🤖 AI Summary
High-quality image-text pairs for vision-language (VL) large model pretraining are scarce and difficult to scale. Method: This paper proposes a low-hallucination synthetic caption generation paradigm, introducing a controllable large language model–based captioning framework with multi-stage knowledge injection and a continuous direct preference optimization (DPO) pipeline, significantly reducing hallucination (non-hallucination rate improves from 48.2% to 77.9%). Contribution/Results: Empirical evaluation—first of its kind—demonstrates that low-hallucination synthetic captions yield average performance gains ≥6.2% across 35 VL benchmarks, outperforming real weak-supervision alternatives such as alt-text. They also enhance text-to-image generation quality, lowering FID by 17.1 on a real-world validation set and by 13.3 on MSCOCO. To support scalable, high-fidelity VL pretraining, we release Hunyuan-Recap100M, a large-scale synthetic dataset.
📝 Abstract
In recent years, the field of vision-language model pre-training has experienced rapid advancements, driven primarily by the continuous enhancement of textual capabilities in large language models. However, existing training paradigms for multimodal large language models heavily rely on high-quality image-text pairs. As models and data scales grow exponentially, the availability of such meticulously curated data has become increasingly scarce and saturated, thereby severely limiting further advancements in this domain.
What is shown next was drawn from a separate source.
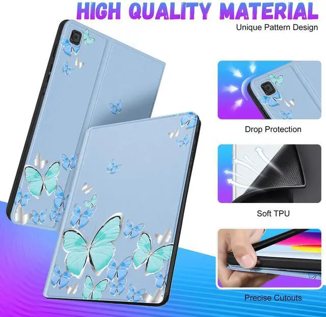 Full ProtectionThis for galaxy tab s6 lite case is made of premium durable PU leather and soft TPU. So this for samsung galaxy tab s6 lite 10.4 case is stain resistant, the high-definition printing process makes it less likely to fade. ^^ Auto Sleep/WakeBuilt-in magnetic strip, this for samsung s6 lite case with the smart funtion of auto sleep/wake, no wasting the power energy and extend your tablet standby time. ^^ Unique DesignThis for samsung tablet s6 lite case has multiple stylish designs, makes your tablet look more vivid and adurable, it is also a good choice for family and friends.

This study investigates scalable caption generation techniques for vision-language model pre-training and demonstrates that large-scale low-hallucination synthetic captions can serve dual purposes: 1) acting as a viable alternative to real-world data for pre-training paradigms and 2) achieving superior performance enhancement when integrated into vision-language models through empirical validation. This paper presents three key contributions: 1) a novel pipeline for generating high-quality, low-hallucination, and knowledge-rich synthetic captions. Our continuous DPO methodology yields remarkable results in reducing hallucinations. Specifically, the non-hallucination caption rate on a held-out test set increases from 48.2% to 77.9% for a 7B-size model. 2) Comprehensive empirical validation reveals that our synthetic captions confer superior pre-training advantages over their counterparts. Across 35 vision language tasks, the model trained with our data achieves a significant performance gain of at least 6.2% compared to alt-text pairs and other previous work. Meanwhile, it also offers considerable support in the text-to-image domain. With our dataset, the FID score is reduced by 17.1 on a real-world validation benchmark and 13.3 on the MSCOCO validation benchmark. 3) We will release Hunyuan-Recap100M, a low-hallucination and knowledge-intensive synthetic caption dataset.